米国株式が長期市場実績で秀でてきた理由

 長期的な視野で国際分散投資を目指す上で、米国株に絞って投資するのが良いのか「オルカン」(オールカントリー=世界株式)が良いのかが議論されています。参考までに、8月末時点での長期市場実績を米国株、世界株、日本株の総収益指数で比較してみました(図表2)。

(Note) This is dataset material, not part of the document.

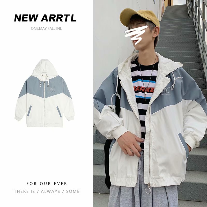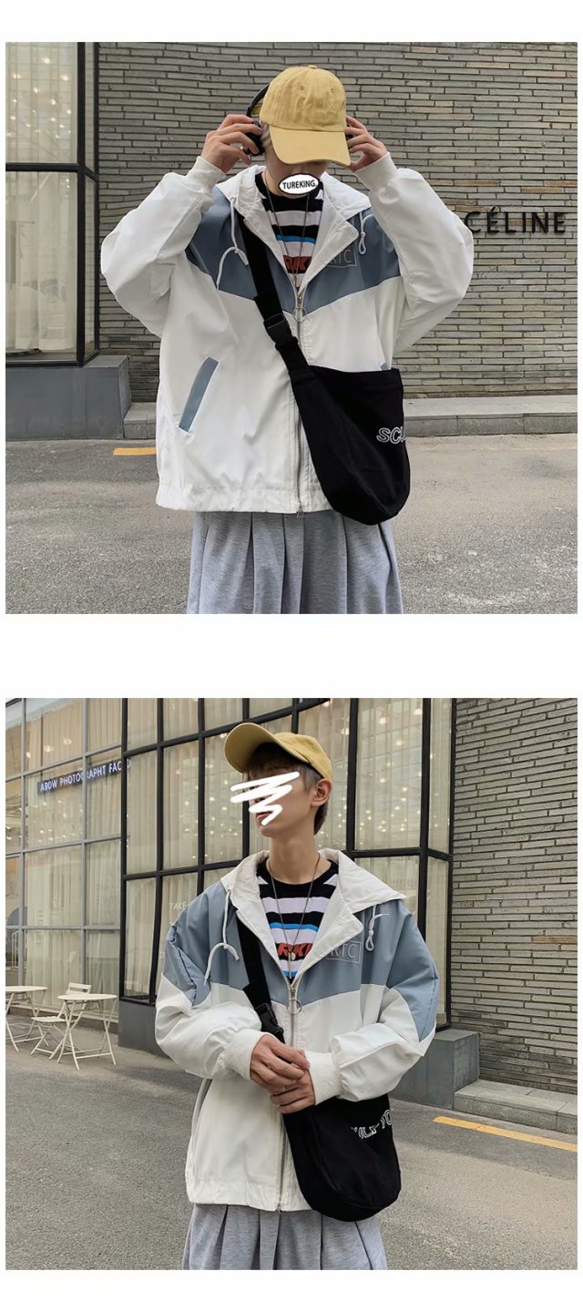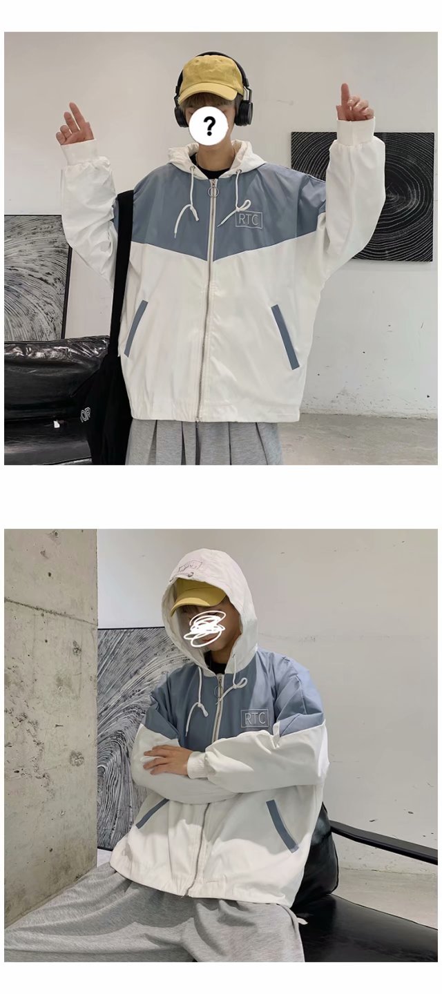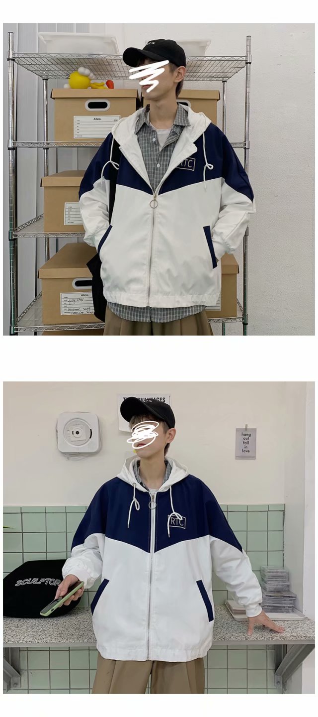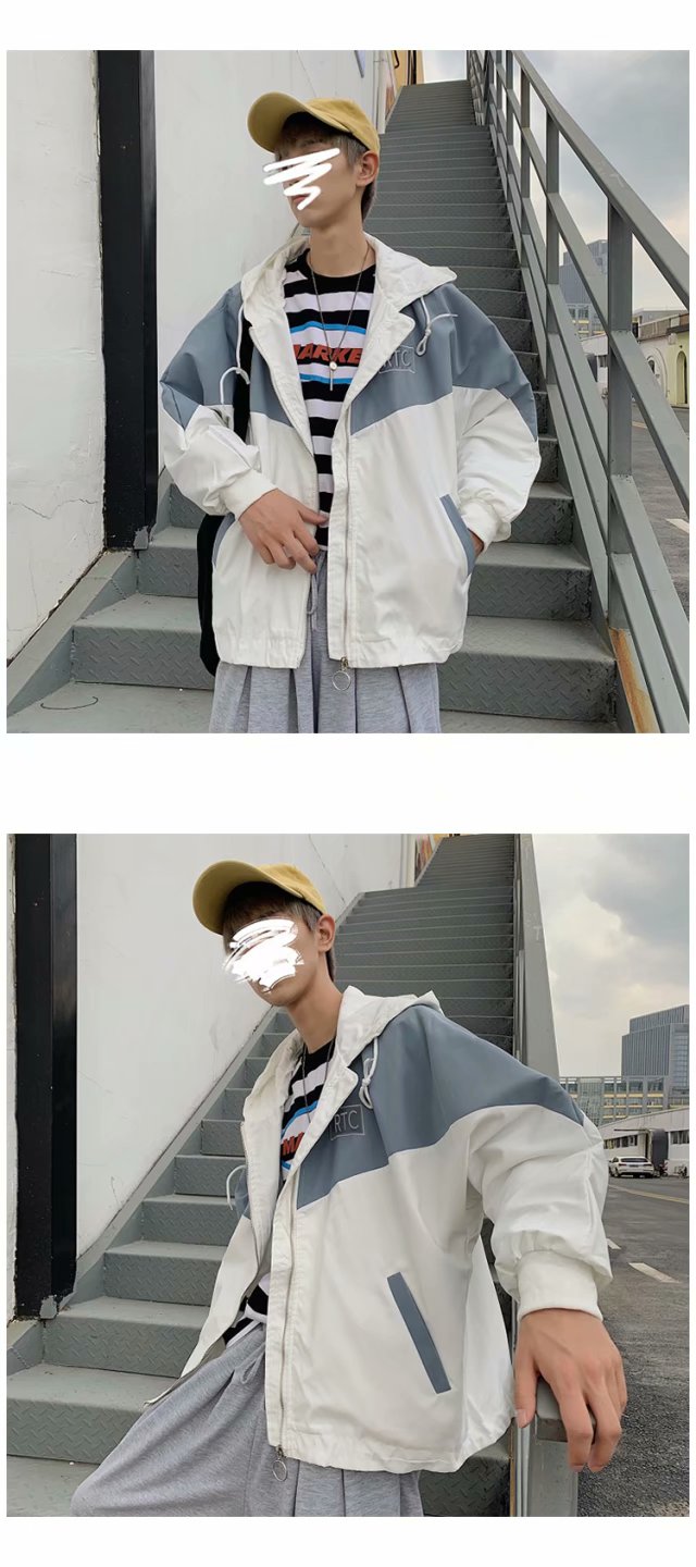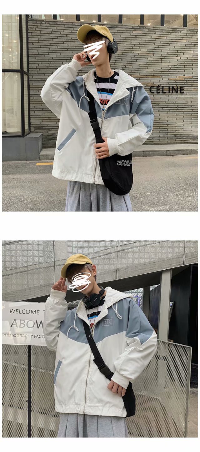 实拍 韩版街头日系青年宽松拼色上衣港风抽绳连帽百搭学生外套潮

「円建ての米国株」は出色のパフォーマンスで、約30年前(1993年1月)を起点にすると21.8倍に成長してきました。昨年来の為替の円安(ドル高)傾向に伴う為替差益が寄与し、円建て米国株のパフォーマンスが向上したことがわかります。円建ての世界株式(MSCI世界株価指数の総収益指数)は同じ期間に11.9倍となりました。

 一方、日本株(TOPIX[東証株価指数]の総収益指数)は最近こそパフォーマンスが改善していますが、1993年1月対比では2.9倍にとどまっています。

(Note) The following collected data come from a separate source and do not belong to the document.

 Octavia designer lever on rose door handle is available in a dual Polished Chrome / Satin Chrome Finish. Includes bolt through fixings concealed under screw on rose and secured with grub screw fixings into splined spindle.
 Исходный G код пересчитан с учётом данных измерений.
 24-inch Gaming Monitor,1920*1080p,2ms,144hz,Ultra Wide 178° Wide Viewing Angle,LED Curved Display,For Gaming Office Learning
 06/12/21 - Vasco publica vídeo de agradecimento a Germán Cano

 世界株に分散投資することでリスクはやや低減できたものの、米国株のみの分散投資よりリターンが低くなってきたことがわかります。米国は移民効果で総人口や労働人口が伸び続けており、GDP(国内総生産)規模は世界1位を続けています。

 生成AI(人口知能)に象徴されるイノベーション(技術革新)や資本主義経済をけん引する世界の中核的存在であり続ける状況に変わりはないでしょう。

 なお、MSCI指数ベースで比較すると、米国株式市場の予想平均ROE(株主資本利益率)は17.8%と他市場を圧倒しています(例:日本株式市場の予想平均ROEは8.9%)。

 株主資本に対する利益率が平均的に高いことに加え、活発な自社株買いに象徴される株主還元を重視する経営姿勢は世界一とみられます。

 なお、米国では一般的な投資家に「Stay Invested」(長期投資が大切)といわれる投資教育が根付いており、押し目買いや積み増し買いの意欲が旺盛とされています。長期目線では今後も米国株式を中心とする国際分散投資を構築することが合理的と考えられます。